Gabriel, quoted in the USDA Forest Service article above, says "Silver maple ranks high as a food source for beavers in southeastern Ohio. According to availability, it is exceeded only by common alder in importance."
Once I'd seen these facts, I was more willing to consider the idea that humans could safely eat maple seeds. If a variety of animals and birds could consume them, that seemed promising. And unlike the animals, people can peel away the fibrous wing of the maple helicopter and just eat the fruit or seed.
I found the most information about humans eating maple samaras on sites written by survivalists or people practicing what I consider extreme self-sufficiency lifestyles. The first blog I found on this topic says the seeds "can be eaten raw, boiled, or roasted." But then the author writes about turning the roasted, ground seed into flour, and spelled it "flower." Lost me there.
Another blogger reported that his wife knew just when to gather the seeds, choosing not the very earliest seeds, as they were too immature and bitter, nor the last of the seeds to fall, which had lost all moisture and flavor. She chose seeds that were plump and flavorful, mashed them, and then fried the mash into maple seed patties, which she served with maple syrup. I assume it was commercially-made maple syrup from sugar maples.
A third adventurous eater labels silver maple seeds as a "forager food," and says he or she has eaten them. The writer then says the seeds were integrated into regular foods like "quinwoa, salads and rice dishes." Again, a spelling error, this time "quinoa." But everyone, including me, struggles to pronounce "quinoa" correctly, and I am willing to believe that the writer chose this alternate spelling to make it easier for us to say the word.

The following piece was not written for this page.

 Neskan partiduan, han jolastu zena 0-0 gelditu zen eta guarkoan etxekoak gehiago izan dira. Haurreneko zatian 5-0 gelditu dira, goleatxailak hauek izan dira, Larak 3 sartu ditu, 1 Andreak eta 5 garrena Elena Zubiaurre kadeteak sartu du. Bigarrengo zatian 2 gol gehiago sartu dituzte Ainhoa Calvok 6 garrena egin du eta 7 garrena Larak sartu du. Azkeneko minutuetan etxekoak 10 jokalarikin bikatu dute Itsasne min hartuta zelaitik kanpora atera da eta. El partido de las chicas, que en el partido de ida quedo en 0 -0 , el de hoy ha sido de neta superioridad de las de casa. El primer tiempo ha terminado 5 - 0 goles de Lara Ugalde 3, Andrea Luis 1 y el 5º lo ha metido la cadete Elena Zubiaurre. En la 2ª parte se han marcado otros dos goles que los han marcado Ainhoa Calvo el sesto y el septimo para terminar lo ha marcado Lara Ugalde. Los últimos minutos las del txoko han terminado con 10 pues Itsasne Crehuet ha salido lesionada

This last person, as part of the blog post, cites a WikiHow article on how to prepare the seeds to make food or flour, and that WikiHow article does have six footnote links. But some of those links go to Wiki pages or unsigned posts on online "knowledge" sites. And I've seen some pretty dubious medical and scientific advice online, even with a byline. So the jury is still out for me. Personally, I'd worry that even if I could eat the seeds without symptoms for a while, that maybe some sort of chemical would build up in some vital organ. Do enough people eat the samaras to make up a long-term health study?
Of course, if there's some sort of disaster and I am looking around in South Portland, Maine and all the blueberries and raspberries and garden tomatoes have been found and consumed by hungry people, I might start looking speculatively at that maple tree shading my house and yard.
Maple samara -- the incredible edible. . .weed.